Provided material:
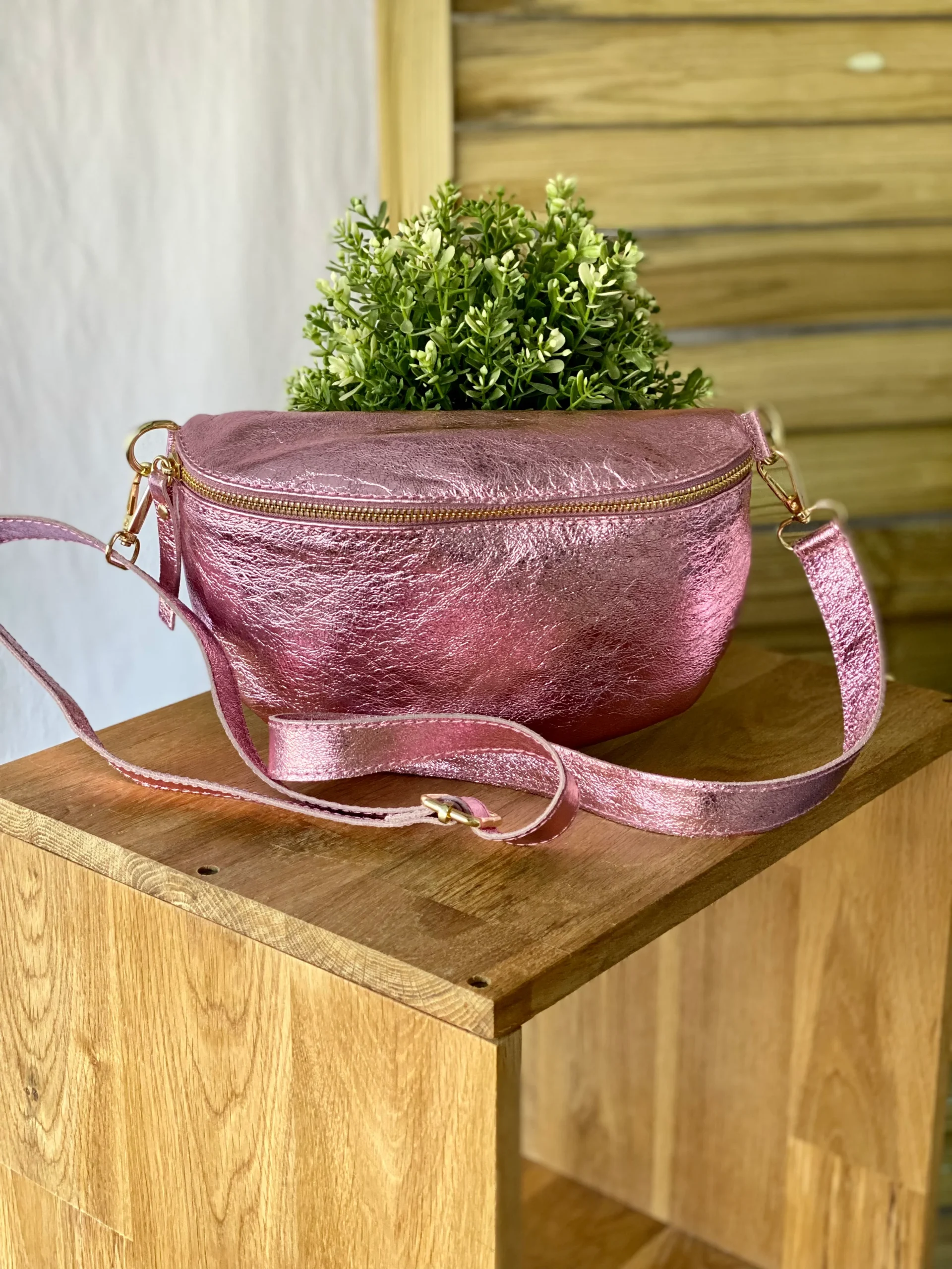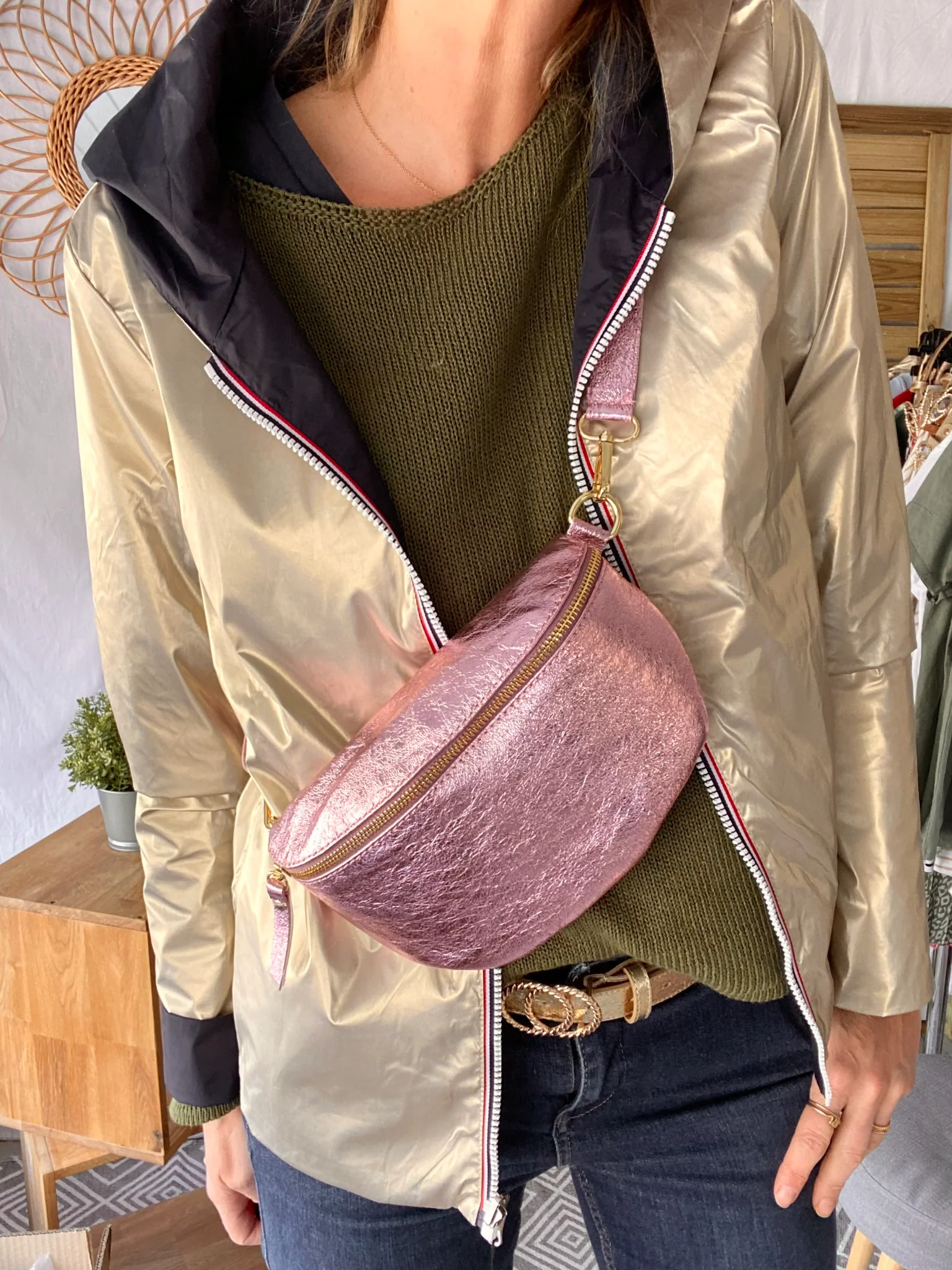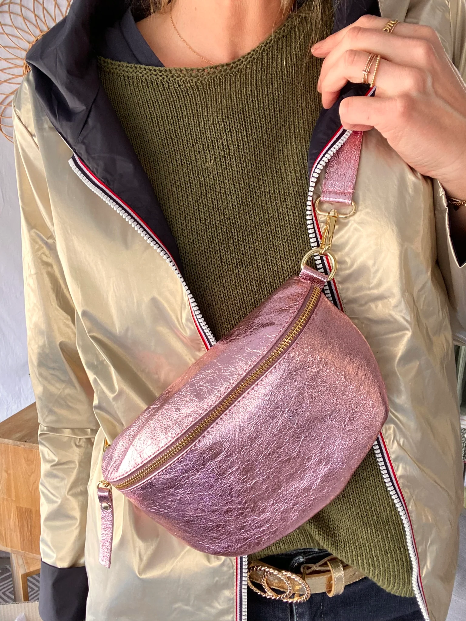 Sac banane M en cuir irisé 24cm ROMY Rose clair (12 coloris)
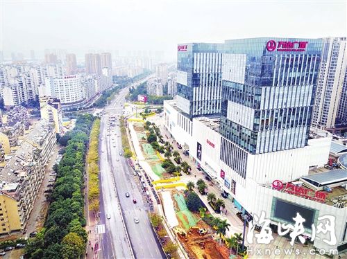 提升商业广场前的绿化:对万达商业广场前剩余的约12 米宽的绿化结合人行道、商业广场进行提升改造。(记者 王林成/文 包华/图)
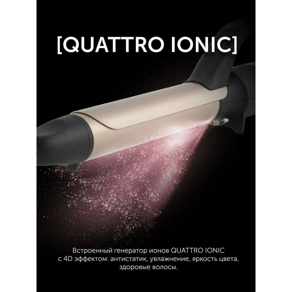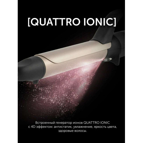 Встроенный генератор ионов QUATTRO IONIC с 4D эффектом здоровых волос: антистатик, увлажнение, яркость цвета, здоровые волосы. Отрицательно заряженные ионы снижают вред регулярных укладок.

Problem description: A faithful copy of all the data above is required, printed exactly and with no pictures.

Exercise solution:
 Sac banane M en cuir irisé 24cm ROMY Rose clair (12 coloris)
 提升商业广场前的绿化:对万达商业广场前剩余的约12 米宽的绿化结合人行道、商业广场进行提升改造。(记者 王林成/文 包华/图)
 Встроенный генератор ионов QUATTRO IONIC с 4D эффектом здоровых волос: антистатик, увлажнение, яркость цвета, здоровые волосы. Отрицательно заряженные ионы снижают вред регулярных укладок.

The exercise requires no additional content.